Como é que estes stans agressivos se assemelham a Stan? Eles não escrevem cartas, isso é certo, nem são solitários. Eles gravitam em vez disso para a plataforma onde eles têm a melhor chance de prender a atenção de seus heróis e se ligar com espíritos semelhantes, daí o nascimento do “stan Twitter”. Outra diferença é que eles concentram sua raiva em pessoas que se atrevem a pequenas celebridades, de jornalistas a estrelas rivais, ao invés das próprias celebridades. Auto-proclamados stans de Lana Del Rey, Taylor Swift, Nicki Minaj e BTS têm assediado escritores no Twitter por fazerem críticas bastante suaves aos seus heróis, com violações e ameaças de morte, com o preço padrão. Ariana Grande Stans até atormentou seu ex-namorado, Pete Davidson, até que ela implorou para que parassem. Uma celebridade importante não pode sequer resmungar sobre uma má crítica sem convocar uma multidão de vigilantes autoproclamados. Isto não é, como a canção de Eminem, sobre o amor que se transforma em ódio; é sobre o amor como uma desculpa para o ódio – uma licença para o bullying. Embora alguns possam estar usando o fandom para expressar infelicidade pessoal, em massa eles irradiam uma alegria de sangue, como se despedaçar alguém por uma má crítica ou um comentário improvisado fosse tanto um esporte quanto uma cruzada. “Eu vi stan Twitter fazer piadas sobre os ataques de Manchester, a recente overdose de Demi Lovato, o tom de pele de Beyoncé, a aparência de Noah Cyrus”, disse um membro de stan Twitter ao Guardian em 2018.

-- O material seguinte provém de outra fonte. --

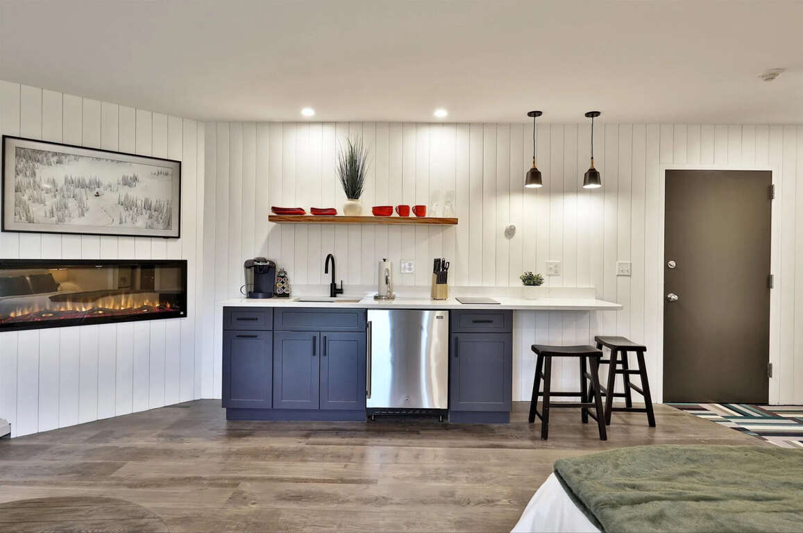 <p>This studio is designed to feel like a boutique hotel room with more control. The main area combines a comfortable queen bed, sectional sleeper sofa, and a wall-mounted electric fireplace that anchors the room. A bar-height counter with two stools doubles as a coffee spot and laptop-friendly workspace. Blackout shades help you rest between runs or after a late dinner in town.<br />

Um ramo ainda mais retorcido da cultura stan recruta o aleatório para a guerra cultural contra a diversidade. Star Wars: The Last Jedi e o remake feminino de Ghostbusters foram ambos interpretados como insultos “acordados” aos fãs “verdadeiros” dessas franquias, a maioria deles branca e masculina, e por isso mereceram ser retalhados no Twitter, YouTube e Tomates Podres, juntamente com indivíduos como o diretor Rian Johnson e o ator Kelly Marie Tran. Este tipo de estande se sobrepõe à cultura online da alt-direita, onde agressões selvagens e memes irônicos são muitas vezes inextricáveis. É tudo uma piada, até que não é.

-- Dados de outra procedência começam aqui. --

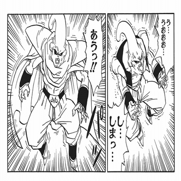 悟飯がポタラを落としてしまい、もたついている間に悟空を始末しようとする場面だ。悟空に攻撃を仕掛ける瞬間、ブウは不自然に動きを止めている。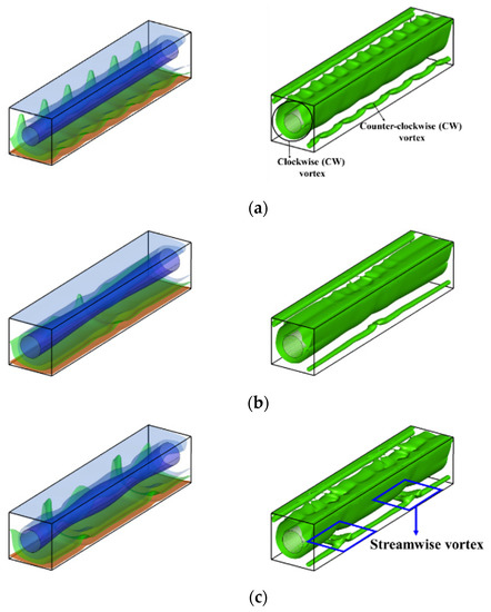 Figure 6 in the left column presents the distribution of temperature obtained at Re = 1000. The ascending plumes at Re = 500 disappeared due to the dominant effect of forced convection. The right column of Figure 5 presents the vortical structures obtained at Re = 1000. When Re was increased to 1000, the angular momentum of clockwise convective flow was intensified by the dominant effect of the forced convection. Thus, the streamwise vortices observed at Re = 500 disappeared near the bottom wall, and the shape of the vortices became simpler than at Re = 500. This is because the spanwise and streamwise vortices were restricted by the high kinetic energy in the clockwise convective flow.

Então o que alguém gostaria que Stan estivesse fazendo em 2020? Ele certamente não se sentiria mais sozinho. Ele poderia pertencer a uma milícia do Twitter de fãs do Eminem, desabafando ao tweetar memes abusivas em um crítico por ter dado o último álbum 5.8 do rapper no Pitchfork. Ou, dado que ele é um jovem branco perturbado, ressentido e misógino, há um cenário mais sombrio. Talvez, em vez disso, ele estivesse andando com racistas e incels em quadros de mensagens como o 8chan, nadando em teorias de conspiração violenta e enfurecido contra as mulheres. Eminem pode não ter previsto que a palavra “stan” se tornasse sinônimo de fandom online, mas ele nos advertiu que isso não terminaria bem: “Ainda bem que te inspiro, mas Stan, porque estás tão zangado?”